Locus-by-locus differences in retinal sensitivity before and after treatment were calculated. To eliminate test–retest variability, overall change in retinal sensitivity between baseline and 12 months was compared between the treated and untreated eye. The Wilcoxon signed-rank test revealed statistically significant improvement ( P < .0167) after 12 months in 5 of 11 patients, no change in 5 patients, and deterioration in 1 patient. The scotoma size was evaluated as the number of MP1 microperimetry sites tested that had a sensitivity score of −1, that is, there was no response to the brightest stimulus. In the treated eyes, the scotoma reduced in size, whereas in the untreated eyes, it enlarged; however, this result was not statistically significant ( P = .197, Wilcoxon signed-rank test; Figure 3 ).

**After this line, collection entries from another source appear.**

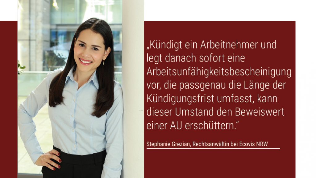 Das BAG sieht einen solchen ernsthaften Zweifel dann als gegeben an, wenn sich Arbeitnehmer nach der durch sie erfolgten Kündigung für die gesamte Restlaufzeit des Arbeitsverhältnisses krankschreiben lassen, das Datum der Erstbescheinigung auf das Kündigungsdatum fällt und das Ende der Arbeitsunfähigkeit dem letzten Arbeitstag entspricht.
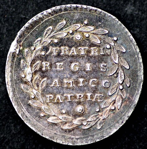 Frederik Prins IIII, medalje af sølv *FRATRI REGIS AMICO PATRIÆ*, diameter 18,5 mm., vægt 3,7 gr.
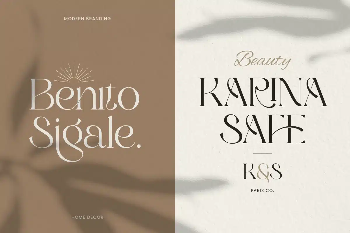 Built for logo-centric design, Sigera elevates wordmarks, brand identity systems, packaging, labels, website headers, editorials, invitations, and social media visuals. The ligature details add a smooth, connected flow that enhances sophistication and makes logos feel more custom, luxurious, and professionally tailored across both digital and print formats.
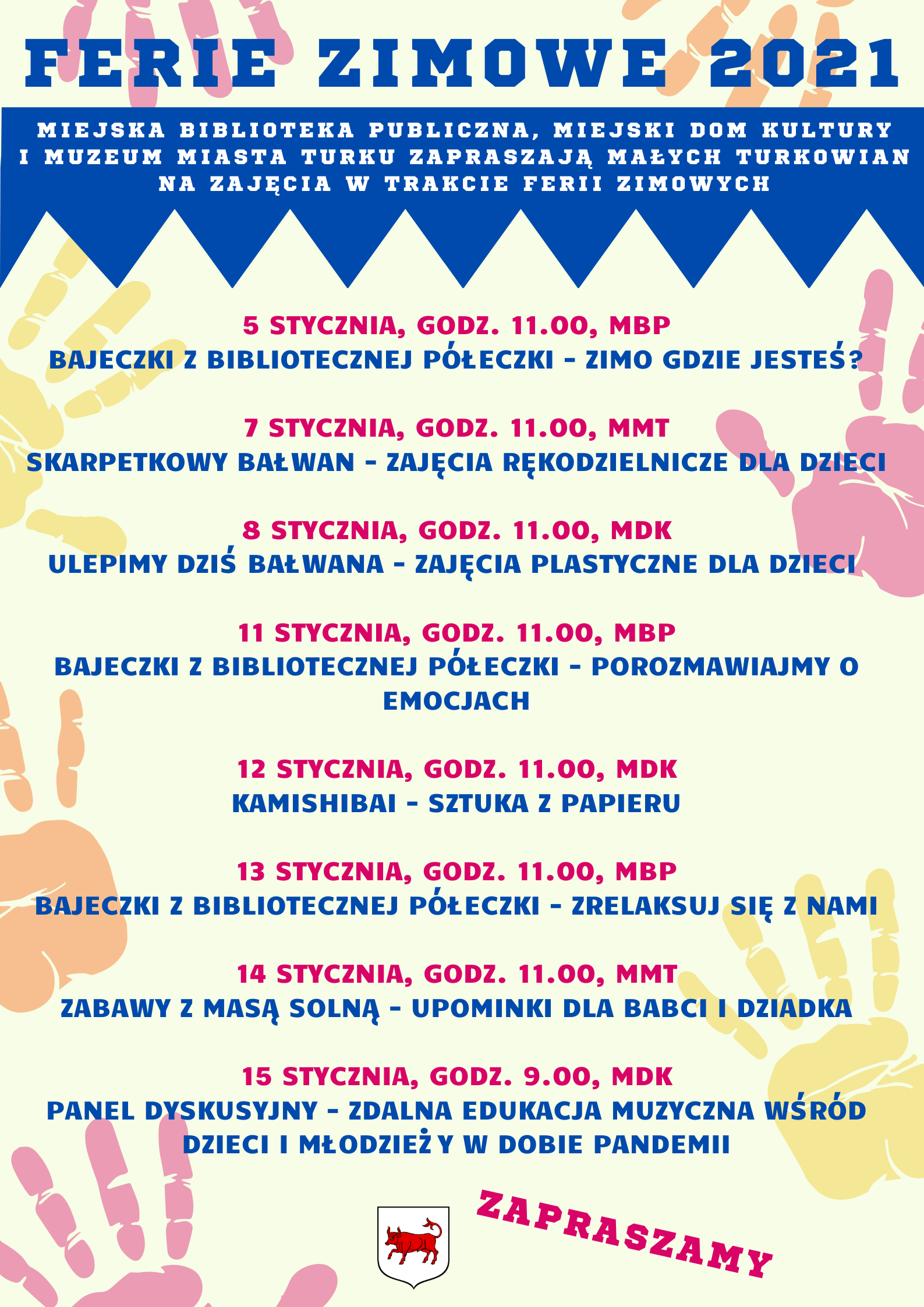 Miejski Dom Kultury, Miejska Biblioteka Publiczna i Muzeum Miasta Turku zapraszają dzieci mieszkające w Turku, na zajęcia w ramach ferii zimowych 2021.
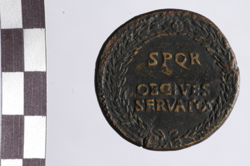 Dritto: testa laureata di Nerone a d.. Rovescio: legenda in corona laurea
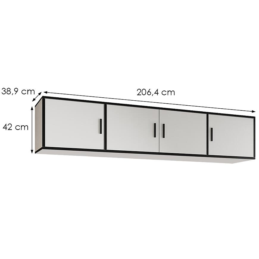 Nadstawka Roj 4d w kolorze białym to praktyczna i estetyczna nadbudowa z kolekcji ROJ, idealna do powiększenia przestrzeni przechowywania w pomieszczeniu. Jej wymiary to 206,4 cm szerokości, 42 cm wysokości i 38,9 cm głębokości, co zapewnia dużą powierzchnię użytkową. Fronty i korpus wykonane są z laminowanej płyty wiórowej z matowym wykończeniem, co nadaje nadstawce nowoczesny i elegancki wygląd. Produkt waży 40 kg i wymaga samodzielnego montażu. Nadstawka nie posiada oświetlenia i ma prosty, klasyczny kształt.
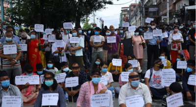 काठमाडौं, भदौ ३ । थरूहट थारुवान राष्ट्रिय मोर्चा केन्द्रीय संयोजन समितिले काठमाडौंको माइतीघरमा धर्ना दिएको
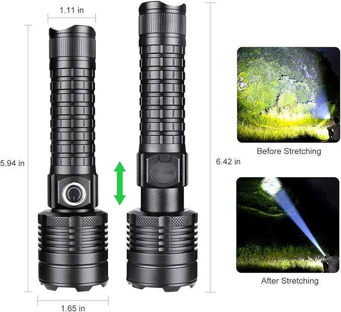 - Zoomable: Rechargeable telescopic zoom flashlight, you can switch between spotlight and floodlight modes by stretching the light head. You can easily focus on objects hundreds of feet away or zoom out to scan an area as large as 1000 feet.
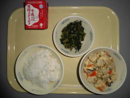 「高野豆腐の卵とじ」は,高野豆腐に花かつおで取っただしがしみ込んで,とてもおいしかったです。卵,にんじん,しいたけ,ねぎ等も入っていて彩りもきれいでした。
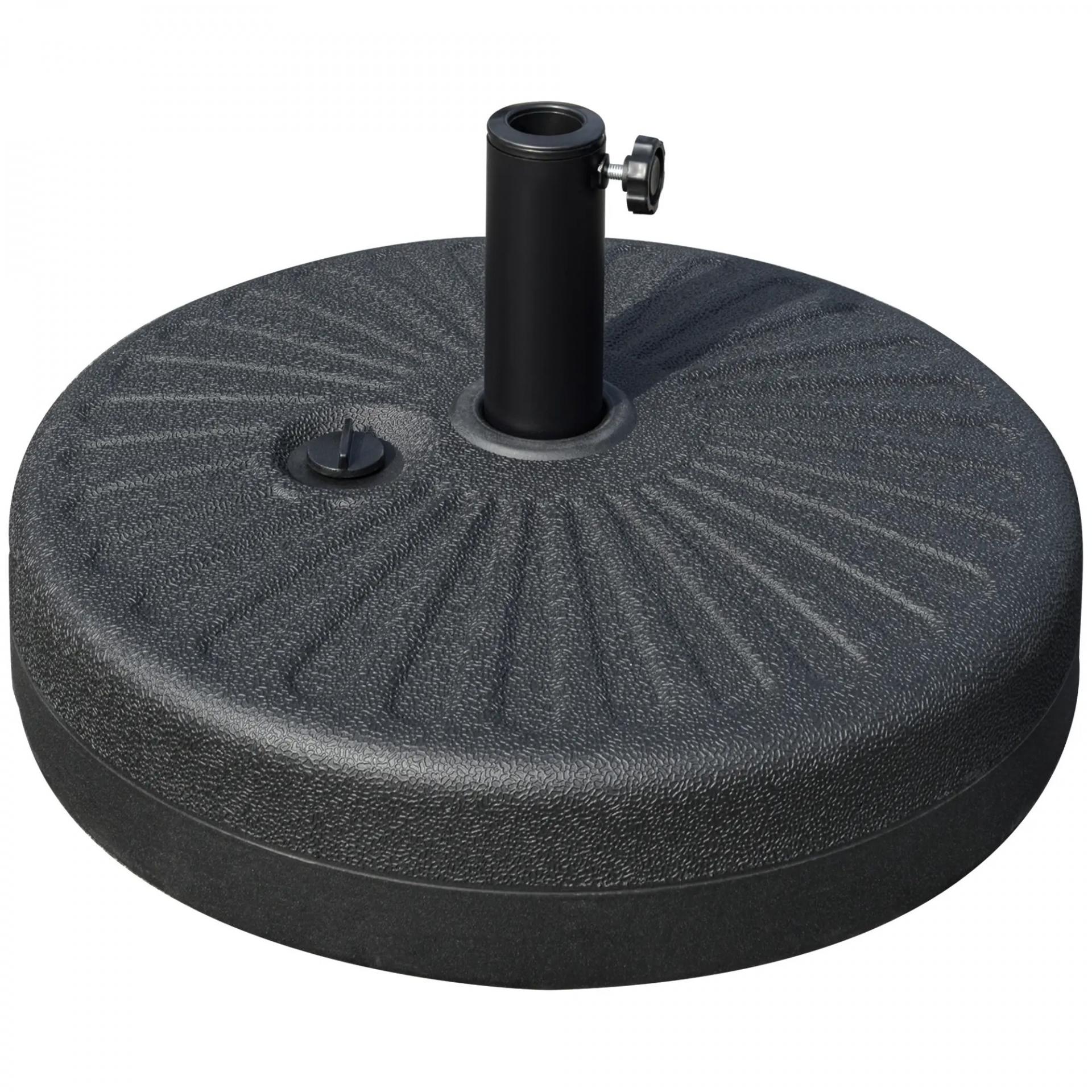 Base de Sombrilla de Jardín Rellenable de Agua 22 kg Soporte de Parasol Redondo Apto para Postes de 38mm/48mm Portátil para Terraza Patio Ø51x30,5 cm Negro
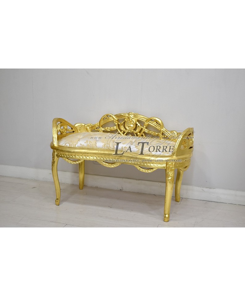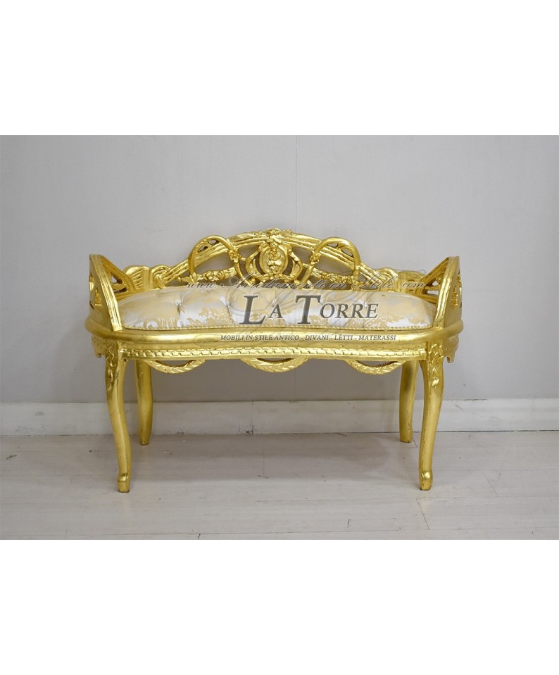Dormeuse panca ovale divano panchetta 100 cm oro tessuto damascato giglio AL3640
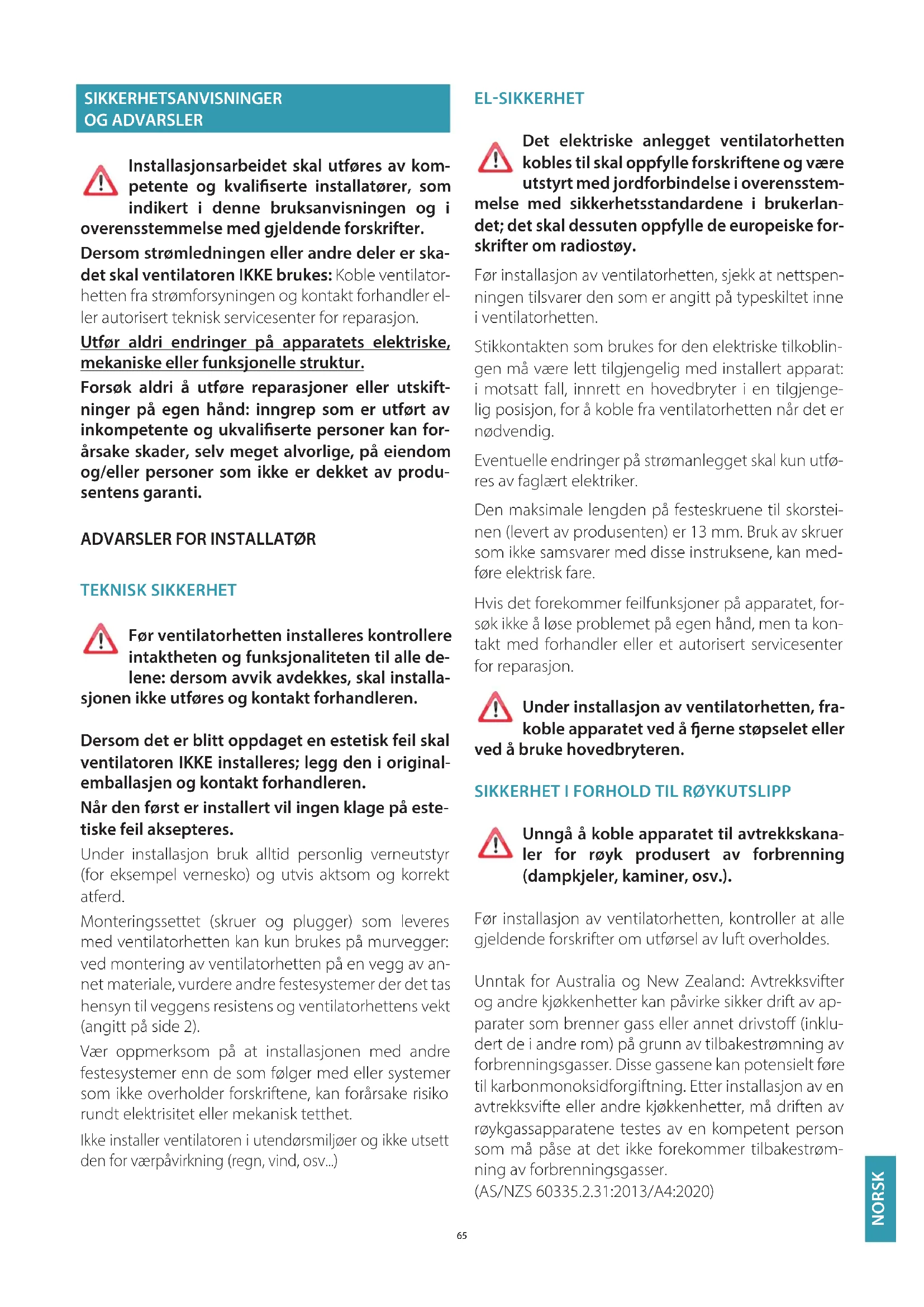 Unngå å koble apparatet til avtrekkskana- ler for røyk produsert av forbrenning (dampkjeler, kaminer, osv.). Før installasjon av ventilatorhetten, kontroller at alle gjeldende forskrifter om utførsel av luft overholdes. Unntak for Australia og New Zealand: Avtrekksvifter og andre kjøkkenhetter kan påvirke sikker drift av ap- parater som brenner gass eller annet drivsto (inklu- dert de i andre rom) på grunn av tilbakestrømning av forbrenningsgasser. Disse gassene kan potensielt føre til karbonmonoksidforgiftning. Etter installasjon av en avtrekksvifte eller andre kjøkkenhetter, må driften av røykgassapparatene testes av en kompetent person som må påse at det ikke forekommer tilbakestrøm- ning av forbrenningsgasser.
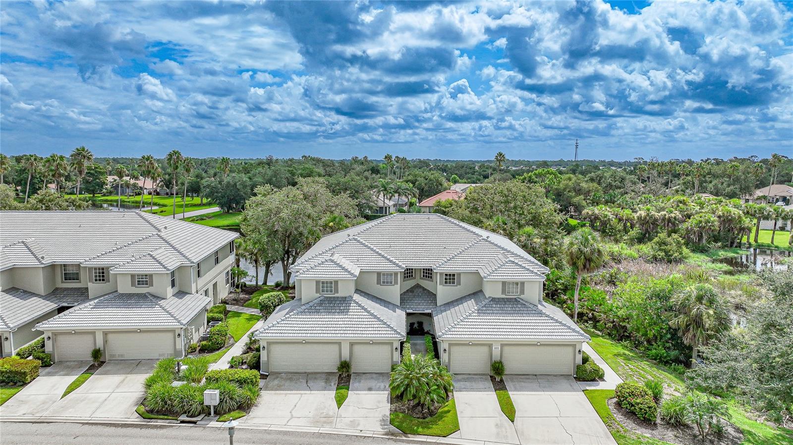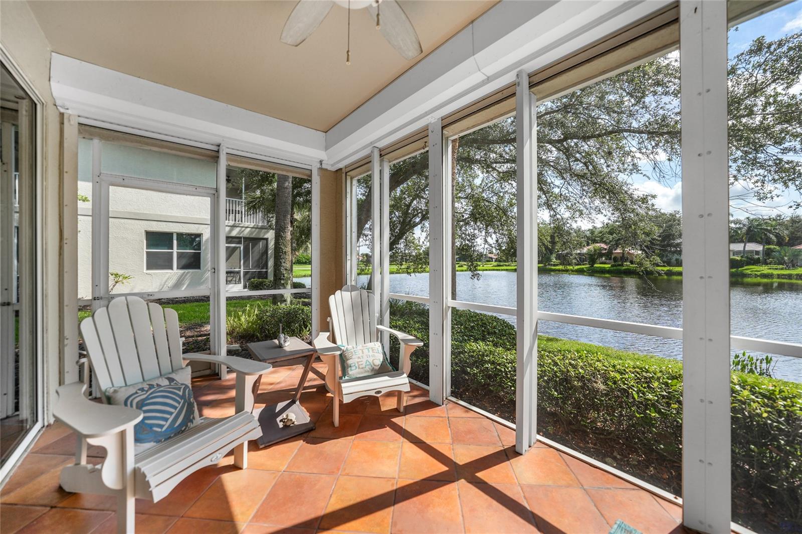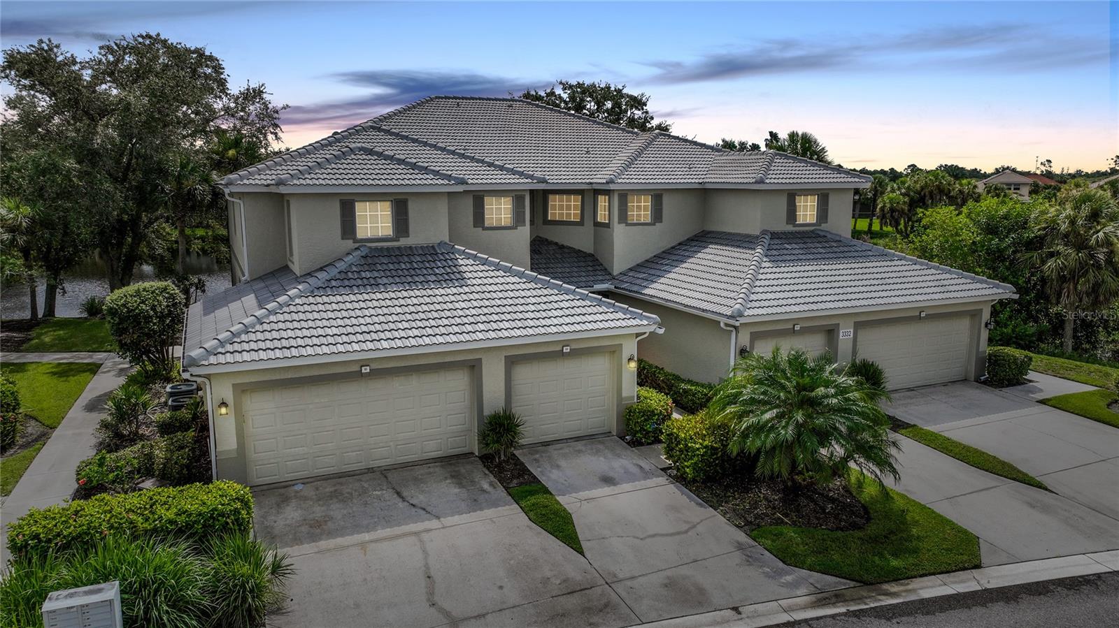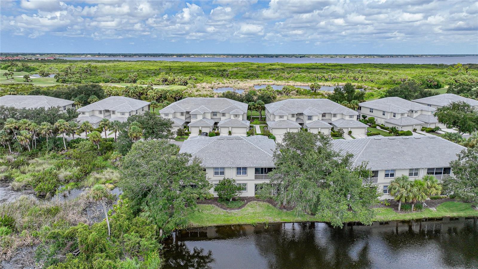 AMENITIES GALORE! SOLD FURNISHED! Welcome to the highly sought after community of Grand Vista at Riverwood. This quaint 2-bedroom 2-bathroom END UNIT boasts a breath-taking SUNRISE LAKE-VIEW right from your back porch and plenty of natural light and has an extra bonus room that could be used as a 3rd BEDROOM, DEN or OFFICE. FIRST FLOOR UNIT WITH A SPACIOUS 2 CAR GARAGE and a MASTER CLOSET THAT WILL BE SURE TO MAKE YOU SAY WOW! The property has been FULLY UPDATED from top to bottom in 2020 with not a penny spared and is MOVE IN READY. The kitchen has been updated with HIGH-QUALITY MARBLE COUNTERTOPS with a MATCHING TILE BACKSPLASH, NEW STAINLESS-STEEL APPLIANCES and SOFT CLOSE CABINETS. The home has been outfitted with 2020 VINYL FLOORING, 2020 FANS, 2020 LIGHT FIXTURES AND 2020 PLANTATION SHUTTERS. NEW 2024 ROOF HAS RECENTLY BEEN INSTALLED WHICH WAS COVERED BY THE ASSOCIATION ASSESSMENT FREE FOR THIS UNIT. NEW 2023 GARAGE DOOR. The Primary Bedroom features plenty of space for a king size bed. The primary bathroom features an updated GRANITE double-sink vanity, walk-in shower AND tub and an ABSOLOUTLY ENORMOUS CLOSET. The property features a split floorplan with a 2nd bedroom on the other side of the home beside the bonus room/den/office that could easily be converted into a 3rd bedroom as well as an interior laundry room with extra cabinet space off of the 2 CAR GARAGE. The back porch features a very cute swing to enjoy the LAKE VIEW and has ELECTRIC HURRICANE SHUTTERS installed for extra protection. TOTAL MONTHLY FEE INCLUDES MAINTENANCE OF THE BUILDING'S EXTERIOR AND REPAIRS, INSURANCE THAT INCLUDES LIABLITY AND FLOOD COVERAGE, LAWN CARE & LANDSCAPING, PEST CONTROL, IRRIGATION, WATER, TRASH, SEWER, GATED SECURITY, COMMUNITY POOL AND MORE. GRAND VISTA at Riverwood features a clubhouse, TWO community pools, tennis & pickleball courts, bocce ball, a croquet field as well as a fitness center, library, arts and crafts room and all types of scheduled EVENTS and activities. Riverwood itself features 48 lakes and 71 natural preserves. ASK ABOUT BECOMING A MEMBER OF RIVERWOOD GOLF CLUB & RIVERWOOD BEACH CLUB. Riverwood is just a short drive to Boca Grande & Manasota Key Beach and is right up the road from grocery stores, shopping, medical offices, and MUCH MORE. Schedule a showing today to see how RESORT STYLE LIVING feels.

Deposit and Neurosensory Retina Thickness
Mean thickness (of drusen deposit and neurosensory retina) was assessed in the treated and untreated eye at baseline and at 12 months after the laser treatment. Over time, drusen thickness reduced marginally in the average treated eye and increased in the average untreated eye. Analysis of difference in mean drusen thickness for each eye revealed an increase in the untreated eyes, but not in the treated eyes ( P = .0322, Wilcoxon signed-rank test; Figure 4 ). The median difference in neurosensory retina thickness showed thinning in the untreated eye (−3.6; interquartile range, −13.6 to 2.4) compared with that in the treated eye (−0.3; interquartile range, −2.0 to 0.2); however, this was not statistically significant ( P = .1748, Wilcoxon signed-rank test).